In the United States of America, many of those states use anti-discrimination laws and have organization that actually enforce those laws and are totally responsible for protecting and maintaining them. The Equal Employment Opportunity Commission calls these organizations as "Fair Employment Practices Agencies" (FEPA). EEOC and FEPA avoid repetition of effort, when simultaneously guaranteeing that the charging party's rights under the particular state law. There are actually to different types of filing a charge under the oversight of EEOC with FEPA. On the one hand, if a charge is filed with a FEPA and simultaneously is covered by the federal law, the FEPA can "dual file" the charge with EEOC in order to protect the federal rights. On the other hand, if a charge is filed with EEOC and simultaneously is covered by the federal law, EEOC can "dual file" the charge with the local FEPA and normally maintains charge for handling.

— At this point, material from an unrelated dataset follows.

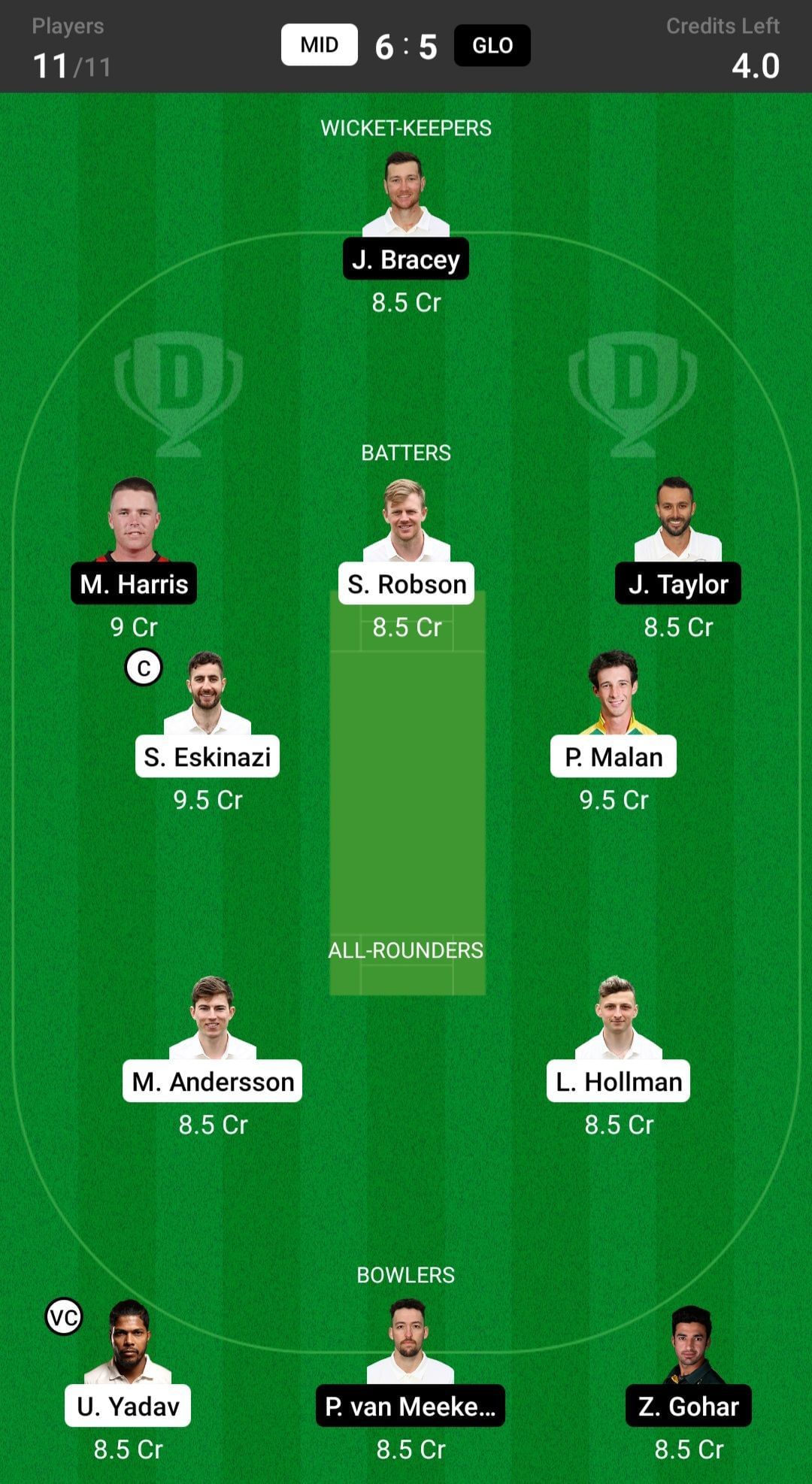 MID vs GLO match captain and vice-captain choices

Conclusively, we can observe that the main anti-discrimination regulation system covers everyone according to under the proper oversight of Equal Employment Opportunity Commission, which enforce all the laws and acts that are previously mentioned in that document. The fact that the Commission supports so strongly these anti-discrimination laws, demonstrates the respect and integrity they show for the lawful rights of all employees and employers who work in the United States of America. Illegal means should not take place, and according to the EEOC everyone is covered and protected by these laws, even if the circumstances are ominous. Discrimination should be abandoned in any case, since the consequences are devastating for employers that breach those laws and perform any discriminatory practices.